MC, management categories; Pri, pristine; Dra, drained; Res5, restored 5 years ago; Res10, restored 10 years ago.

Statistically significant values (p<.05) are shown in bold.

Figure 2

Nonmetric multidimensional scaling (NMS) ordination of vegetation plots of different management categories: green, red, orange, and black circles in panels a–d indicate pristine, drained, 5 years ago restored, and 10 years ago restored, respectively. Different distances from ditch are shown in separate panels (a, b, c, and d for 0, 5, 10, and 15 m, respectively) for drained and restored sites, while the full set of pristine is shown in all panels. The species are divided in groups according to their ecology: black = wet poor peatlands, yellow = wet minerotrophic peatlands, blue = dry poor peatlands (hummocks), red = forests, purple = disturbed surfaces with bare peat and flowing water (panel e).
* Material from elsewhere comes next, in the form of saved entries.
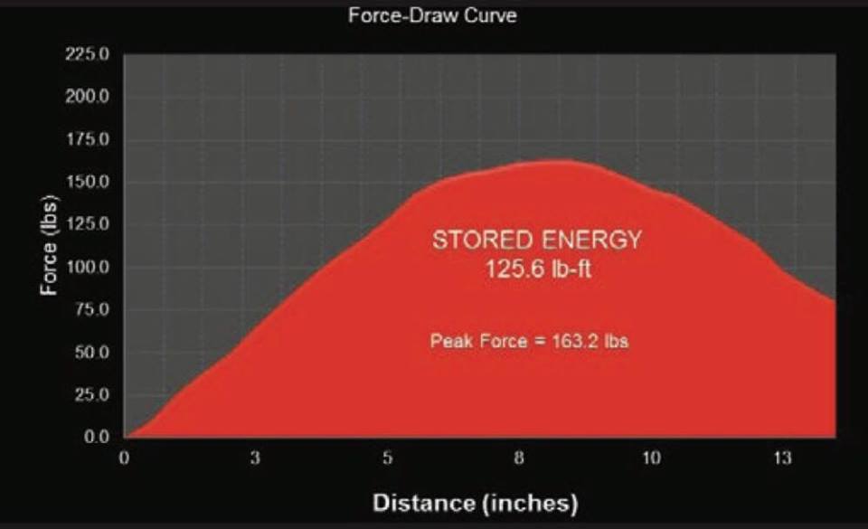Síla nátahu stoupá až do maximální síly nátahu zhruba v 9" nátahu a pak klesá, takže na 13,5" délky nátahu, zatěžuje záchyt pouze 80 lb síly. Uložená energie v ramenech je 170 joule, při nejvyšší dynamické účinnosti 76%, dosažené s těžkým šípem 525 grainu, dostáváme energii šípu téměř 130 joule. To jsou velice blízké hodnoty.
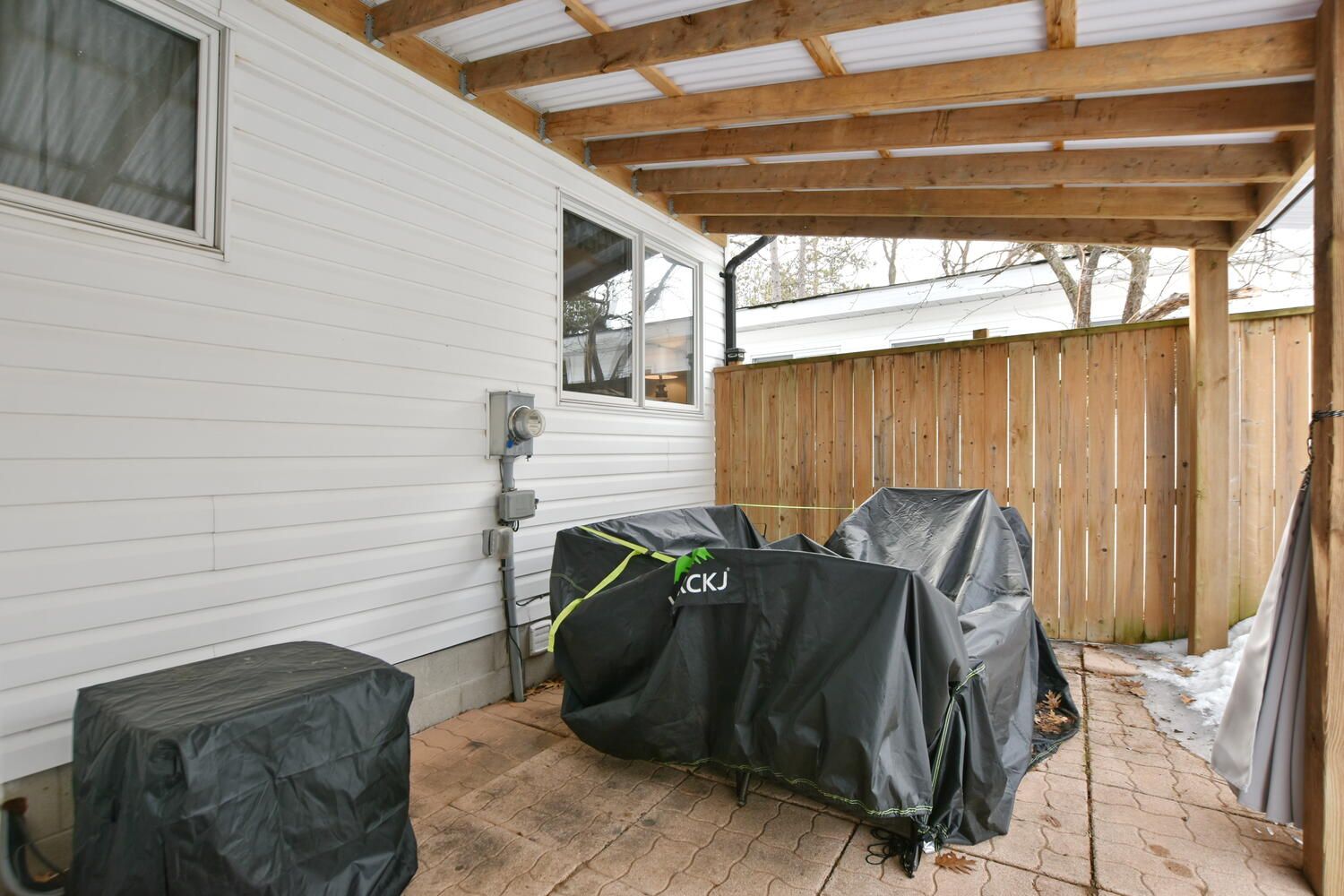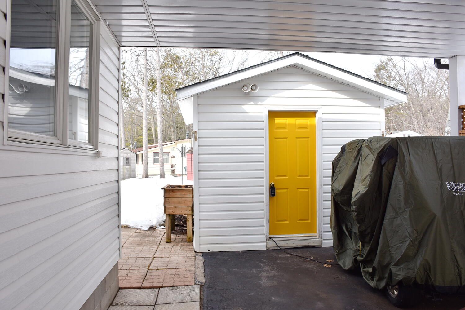 Welcome to this well-maintained 2-bedroom home located in a sought-after adult lifestyle community for those aged 55 and over. Enjoy a relaxed and social way of living with fantastic amenities including an in-ground heated pool, 9-hole par three golf course, and a vibrant clubhouse offering activities such as dart leagues, billiards, cards, dinners, and dances. The home features a bright open concept floor plan with a modern kitchen complete with gas stove, built-in microwave, and convenient combo washer/dryer unit. Comfortable and functional, this space is ideal for easy day-to-day living. Step outside to enjoy both a covered patio and a three-season room-perfect for relaxing or entertaining in any weather. Additional features include a carport, paved driveway with parking for three vehicles, and a shed with hydro for extra storage or workspace. This property is located in a land lease community. All offers are to be conditional upon parkbridge approval. A wonderful opportunity to enjoy low-maintenance living in a welcoming and active community. Monthly fees: land lease $750, monthly site taxes $36. 69, monthly house taxes $66. 06 for a total of $852. 75. Water meter is billed quarterly.
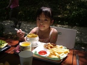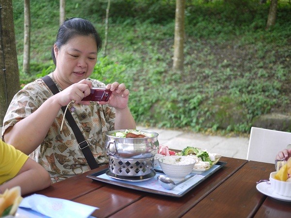 雖然在戶外吃飯,但是今天有風,很舒服耶,大家都吃得很滿意喔~
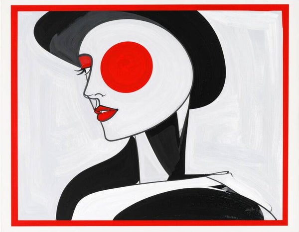 Canvas: “The Silent Ego”Abstract portret in zwart/wit met een rode accentrand. Staat symbool voor de balans tussen zelfvertrouwen en kalmte.
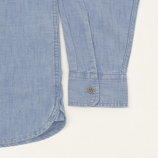 春先の定番でもあるシャンブレー生地なのでカジュアルにジーンズと合わるのは勿論、
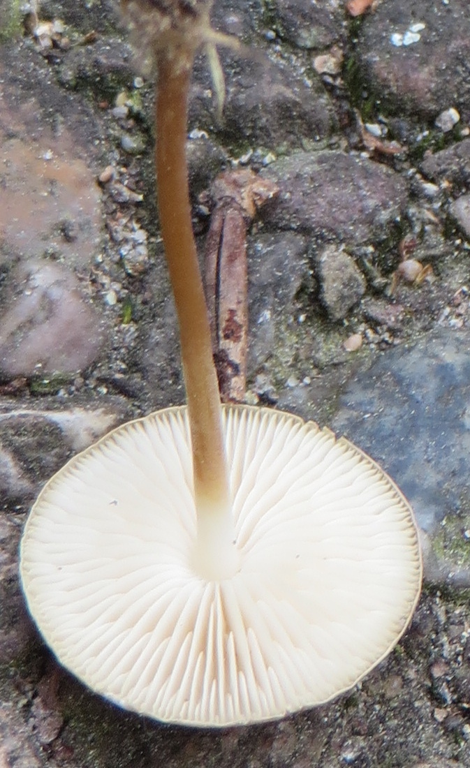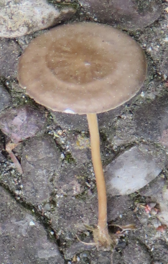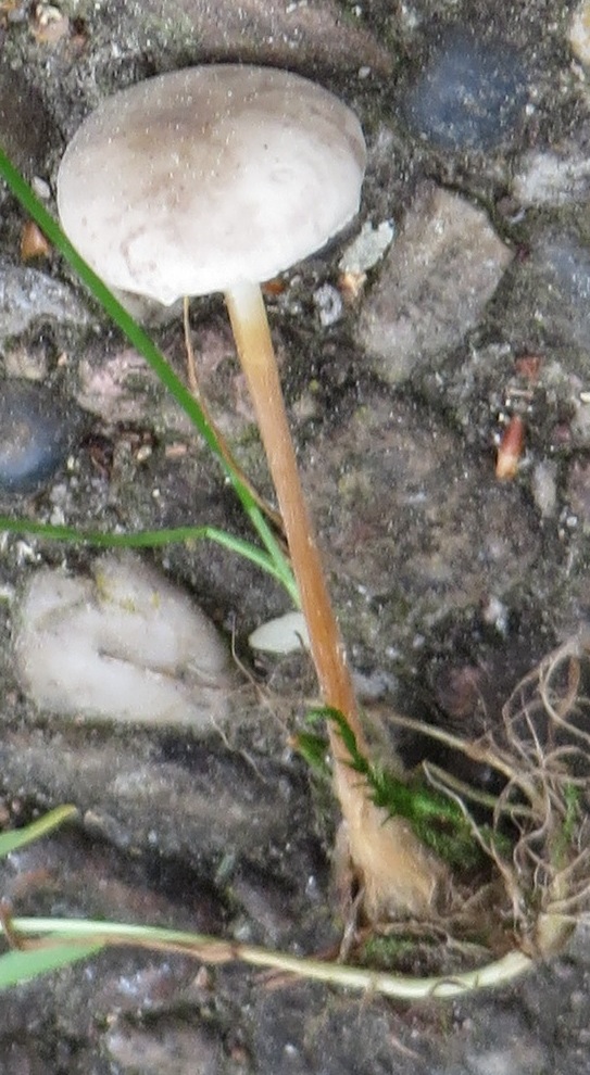 Zweiter Fund: Graubrauner Pilz, Durchmesser c.a. 2 cm, langer

General trajectories of recovery of plant communities (panel f) are derived from group centroids and shown in the same NMS ordination space, where the scatter of pristine and of all other management categories are illustrated with green and dark blue dotted lines, respectively. Green dot represents the centroid of pristine communities, that is, restoration target

Dissimilarities of the res 5 communities did not differ from those of the drained communities overall, or at any distance (Table 2, Fig. 2). At the res 10 sites, the dissimilarities were overall reduced relative to those of drained sites (Table 2). While there were no changes at 0 m, the reductions in the dissimilarities at other distances were evident (Table 2; Fig. 2). Overall, dissimilarities of the res 5 and res 10 communities were greater than those of the pristine, but the differences were dependent on the distance (Table 2, Fig. 2). The plots at the res 5 peatlands had greater dissimilarities than the pristine sites at all distances, but the dissimilarities decreased with increasing distance (Table 2). The plots at the res 10 sites showed a similar pattern, but importantly, there was no significant difference between res 10 and the pristine at 10‐ or 15‐m distance from the ditch (Table 2). As compared to the drained peatlands, both of the restored peatland communities were characterized by higher abundance of peatland species with wide ecological niches (e.g., Sphagnum angustifolium and Sphagnum magellanicum; Fig. 2e, Table S1) and less influenced by forest species at distances from 5 to 15 m. In contrast, the relative importance of species capable of utilizing the bare peat surfaces and released nutrients (e.g., Carex magellanica, Eriophorum vaginatum; Silvan, Tuittila, Vasander, & Laine, 2004) seemed to increase 5 years after restoration at 0 m distance (Table S1). This was followed by a decreased relative importance of species typical to bare peat and increased relative importance of species typical to natural wet fens 10 years after restoration (Fig. 2; Table S1).

When we explored the trajectories of community composition succession at different distances of sites belonging to different management categories, a roughly similar pattern of succession was found. After initially increased abundance of species typical to heavily degraded habitats (right to bottom‐right), all of the trajectories change track more or less toward the pristine sites (bottom‐left, Fig. 2f). In contrast to 5–15 m plots, the trajectory of communities at 0 m distance does not point toward communities of the pristine sites.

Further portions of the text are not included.